Data provided ▸
----------------------------------------

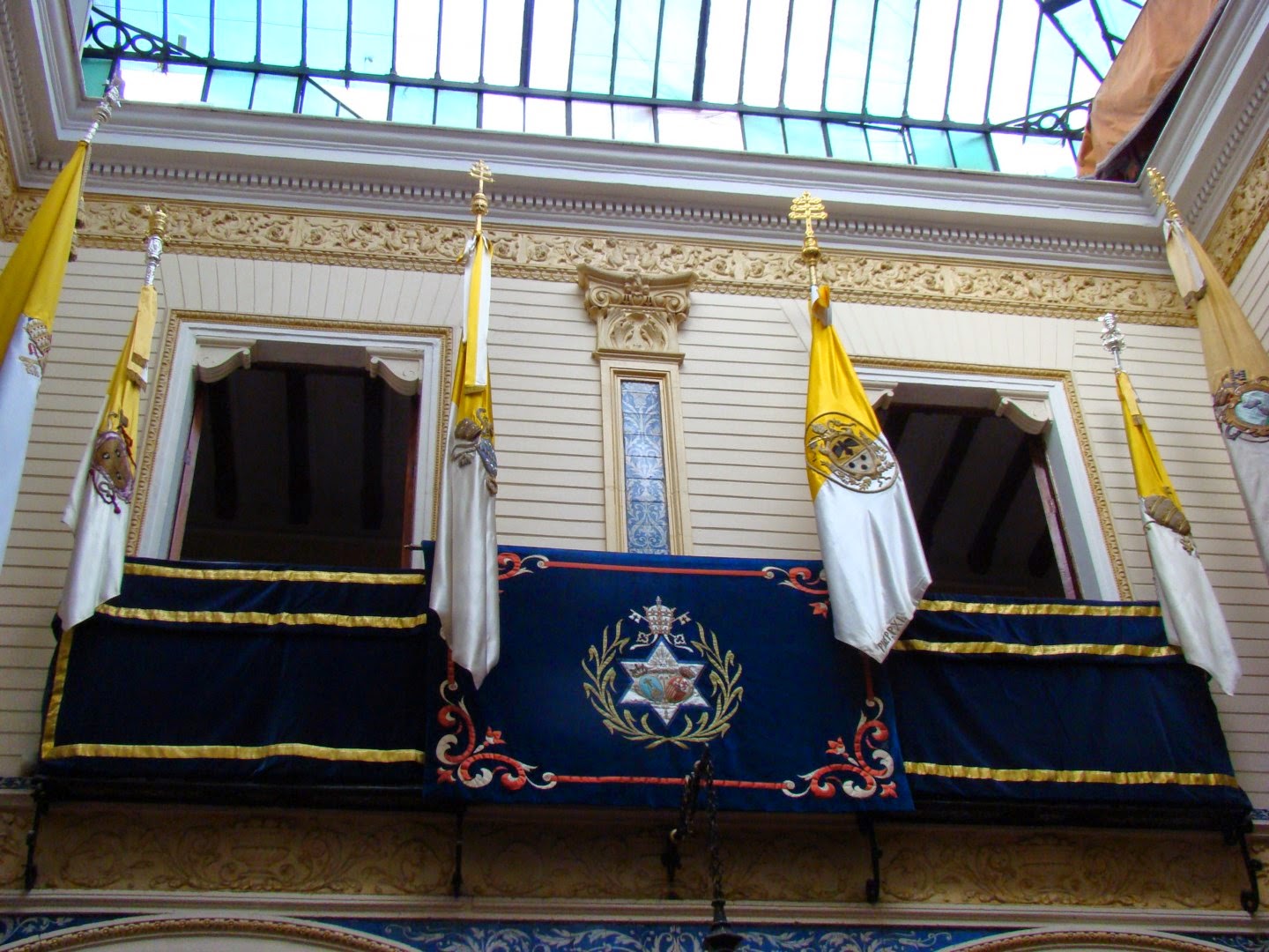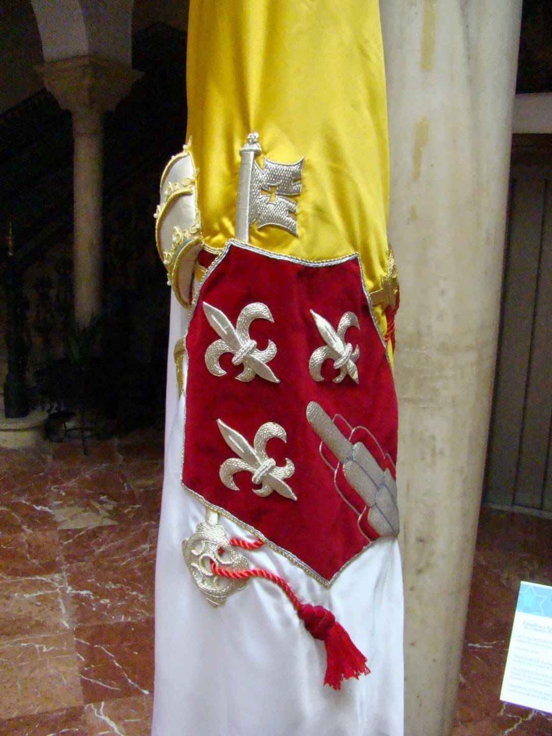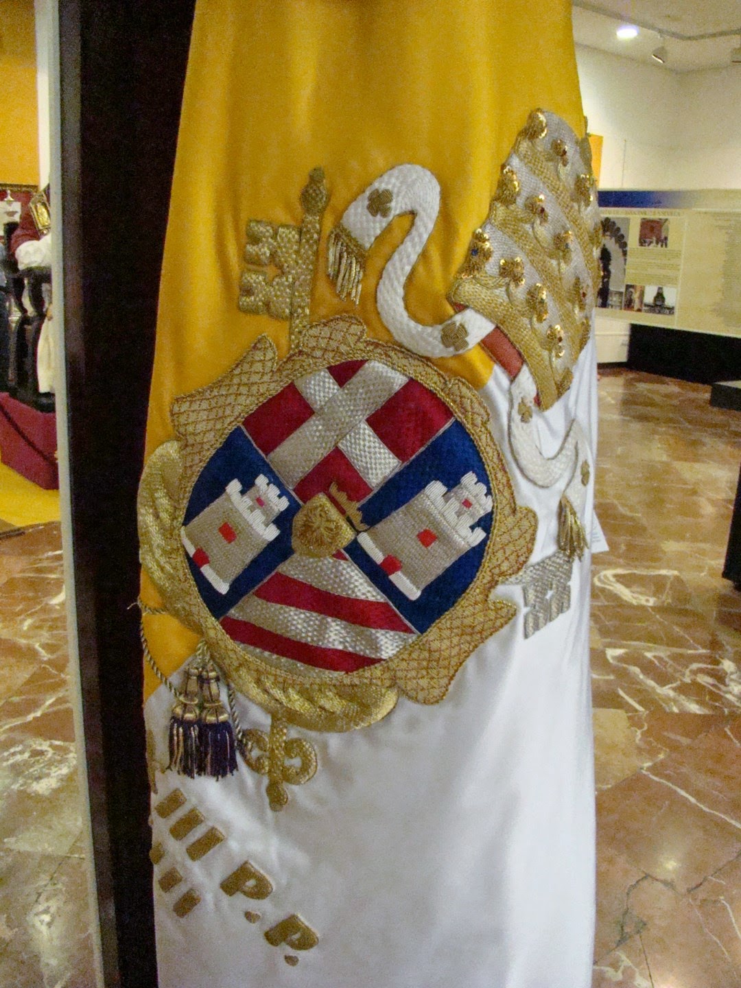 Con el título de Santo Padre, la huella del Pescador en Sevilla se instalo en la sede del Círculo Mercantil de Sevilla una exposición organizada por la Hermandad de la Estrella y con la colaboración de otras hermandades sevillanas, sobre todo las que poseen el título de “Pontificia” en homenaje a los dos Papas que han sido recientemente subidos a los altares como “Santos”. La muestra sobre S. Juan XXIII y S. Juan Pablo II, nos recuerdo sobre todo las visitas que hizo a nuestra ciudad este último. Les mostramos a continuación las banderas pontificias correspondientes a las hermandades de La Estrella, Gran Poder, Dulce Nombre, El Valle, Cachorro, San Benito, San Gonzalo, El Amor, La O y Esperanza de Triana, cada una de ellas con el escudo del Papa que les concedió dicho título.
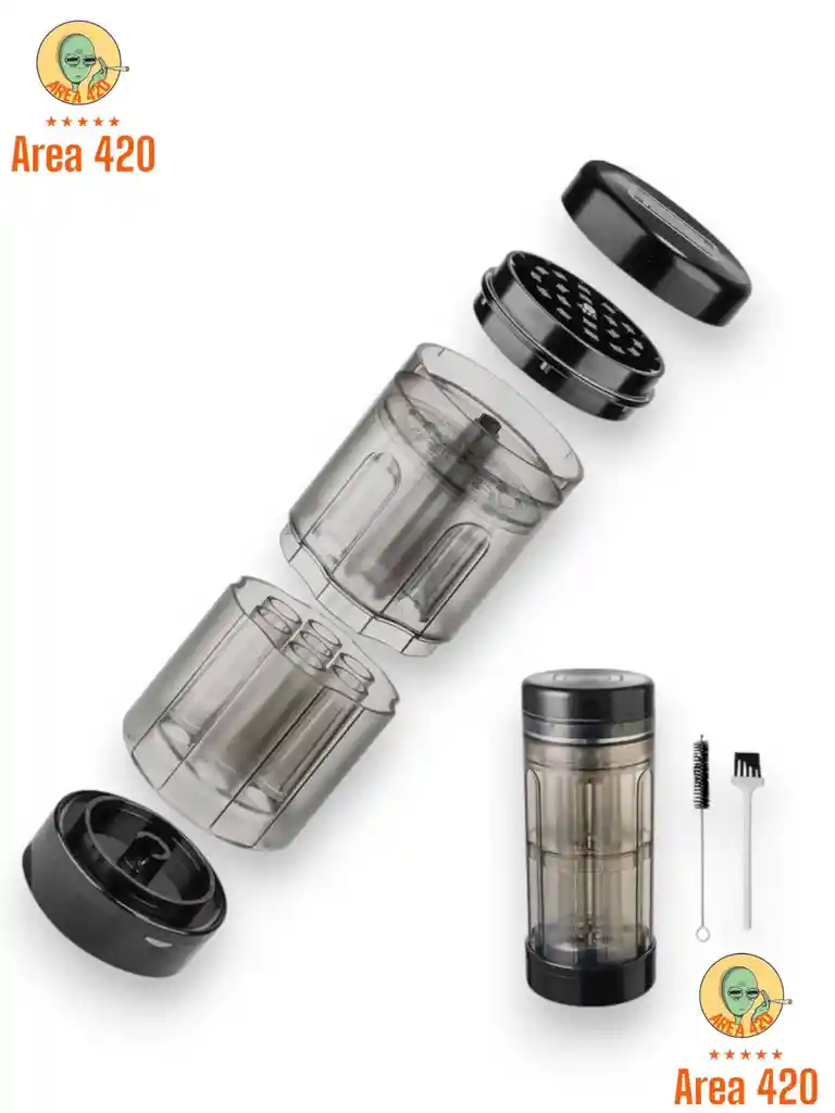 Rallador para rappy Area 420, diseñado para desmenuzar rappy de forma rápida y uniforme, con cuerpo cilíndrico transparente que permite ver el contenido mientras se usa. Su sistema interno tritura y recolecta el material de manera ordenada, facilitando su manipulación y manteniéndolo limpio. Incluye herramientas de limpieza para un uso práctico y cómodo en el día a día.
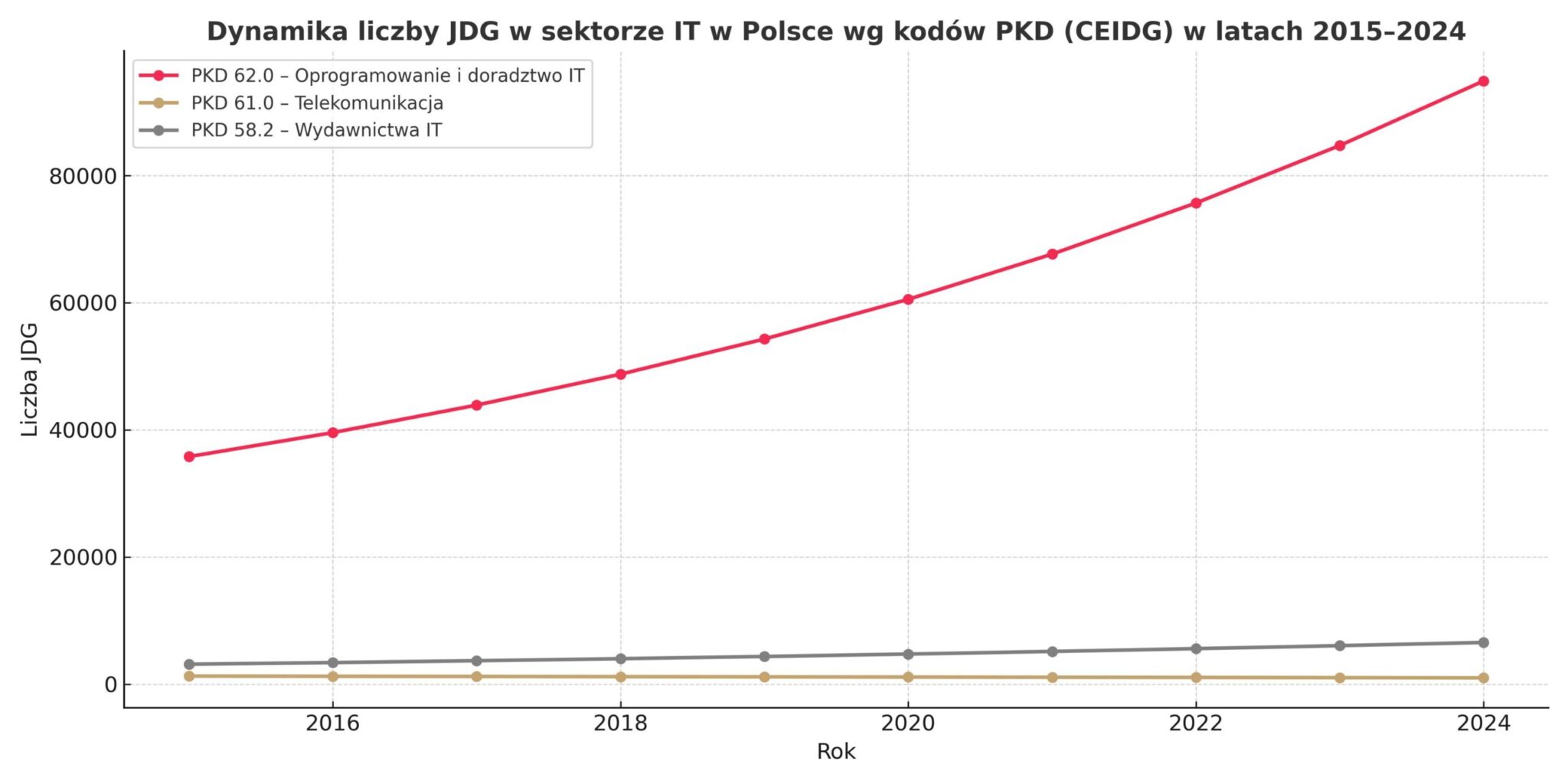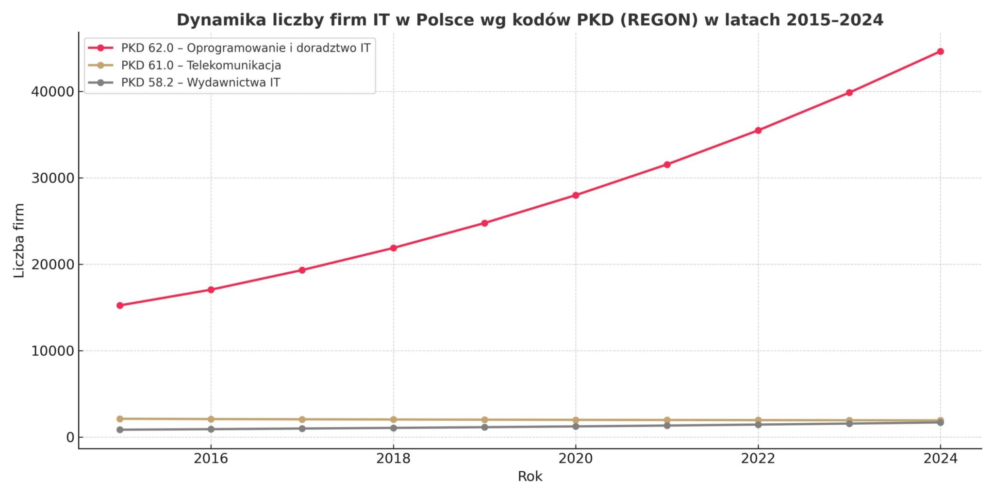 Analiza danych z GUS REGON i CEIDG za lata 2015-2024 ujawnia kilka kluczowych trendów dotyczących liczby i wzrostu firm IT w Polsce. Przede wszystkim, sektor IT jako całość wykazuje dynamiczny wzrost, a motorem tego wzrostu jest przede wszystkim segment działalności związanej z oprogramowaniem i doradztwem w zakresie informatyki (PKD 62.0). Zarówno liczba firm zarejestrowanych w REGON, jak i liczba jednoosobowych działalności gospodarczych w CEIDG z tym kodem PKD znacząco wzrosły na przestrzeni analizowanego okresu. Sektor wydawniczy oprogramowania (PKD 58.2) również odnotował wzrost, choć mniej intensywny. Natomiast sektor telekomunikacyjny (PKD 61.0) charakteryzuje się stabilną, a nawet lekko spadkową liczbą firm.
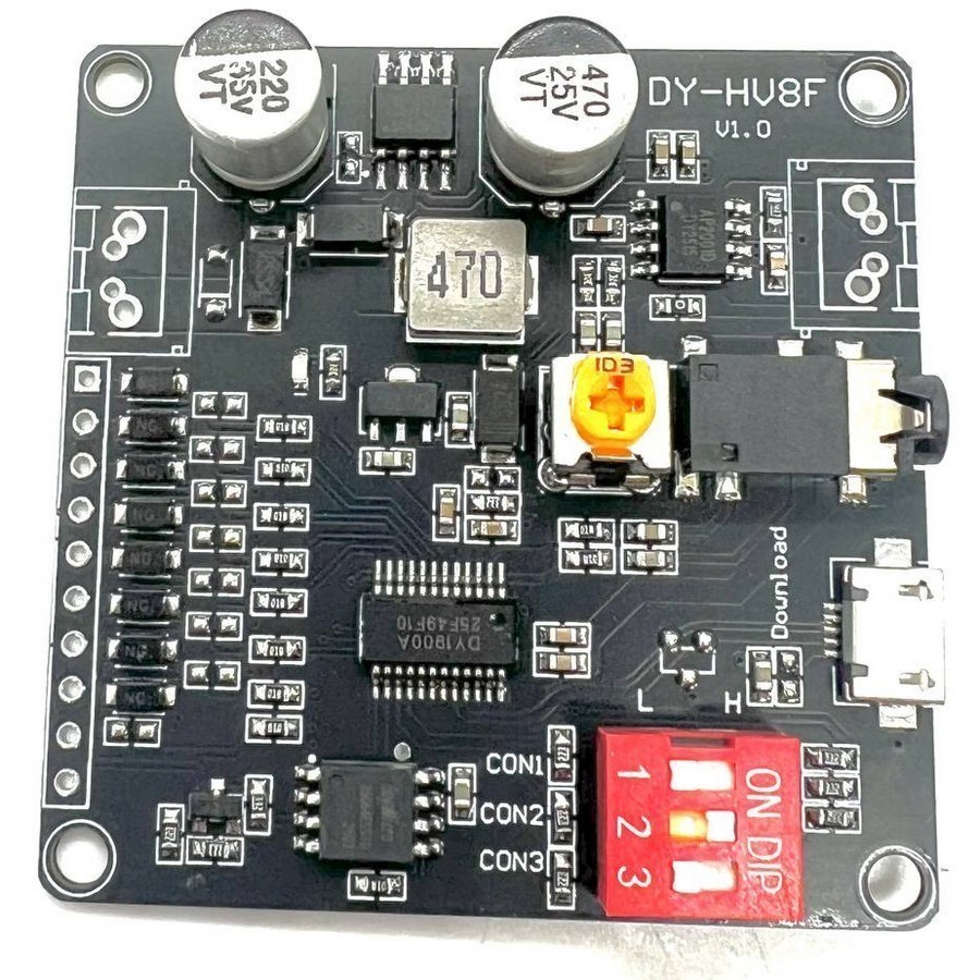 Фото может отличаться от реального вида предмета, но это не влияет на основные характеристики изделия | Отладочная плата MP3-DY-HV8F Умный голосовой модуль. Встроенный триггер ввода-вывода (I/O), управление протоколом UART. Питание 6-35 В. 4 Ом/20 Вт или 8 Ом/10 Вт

----------------------------------------

Action item ▸
Please repeat all of the data exactly, excluding images.

Solution for this exercise ▸
 Con el título de Santo Padre, la huella del Pescador en Sevilla se instalo en la sede del Círculo Mercantil de Sevilla una exposición organizada por la Hermandad de la Estrella y con la colaboración de otras hermandades sevillanas, sobre todo las que poseen el título de “Pontificia” en homenaje a los dos Papas que han sido recientemente subidos a los altares como “Santos”. La muestra sobre S. Juan XXIII y S. Juan Pablo II, nos recuerdo sobre todo las visitas que hizo a nuestra ciudad este último. Les mostramos a continuación las banderas pontificias correspondientes a las hermandades de La Estrella, Gran Poder, Dulce Nombre, El Valle, Cachorro, San Benito, San Gonzalo, El Amor, La O y Esperanza de Triana, cada una de ellas con el escudo del Papa que les concedió dicho título.
 Rallador para rappy Area 420, diseñado para desmenuzar rappy de forma rápida y uniforme, con cuerpo cilíndrico transparente que permite ver el contenido mientras se usa. Su sistema interno tritura y recolecta el material de manera ordenada, facilitando su manipulación y manteniéndolo limpio. Incluye herramientas de limpieza para un uso práctico y cómodo en el día a día.
 Analiza danych z GUS REGON i CEIDG za lata 2015-2024 ujawnia kilka kluczowych trendów dotyczących liczby i wzrostu firm IT w Polsce. Przede wszystkim, sektor IT jako całość wykazuje dynamiczny wzrost, a motorem tego wzrostu jest przede wszystkim segment działalności związanej z oprogramowaniem i doradztwem w zakresie informatyki (PKD 62.0). Zarówno liczba firm zarejestrowanych w REGON, jak i liczba jednoosobowych działalności gospodarczych w CEIDG z tym kodem PKD znacząco wzrosły na przestrzeni analizowanego okresu. Sektor wydawniczy oprogramowania (PKD 58.2) również odnotował wzrost, choć mniej intensywny. Natomiast sektor telekomunikacyjny (PKD 61.0) charakteryzuje się stabilną, a nawet lekko spadkową liczbą firm.
 Фото может отличаться от реального вида предмета, но это не влияет на основные характеристики изделия | Отладочная плата MP3-DY-HV8F Умный голосовой модуль. Встроенный триггер ввода-вывода (I/O), управление протоколом UART. Питание 6-35 В. 4 Ом/20 Вт или 8 Ом/10 Вт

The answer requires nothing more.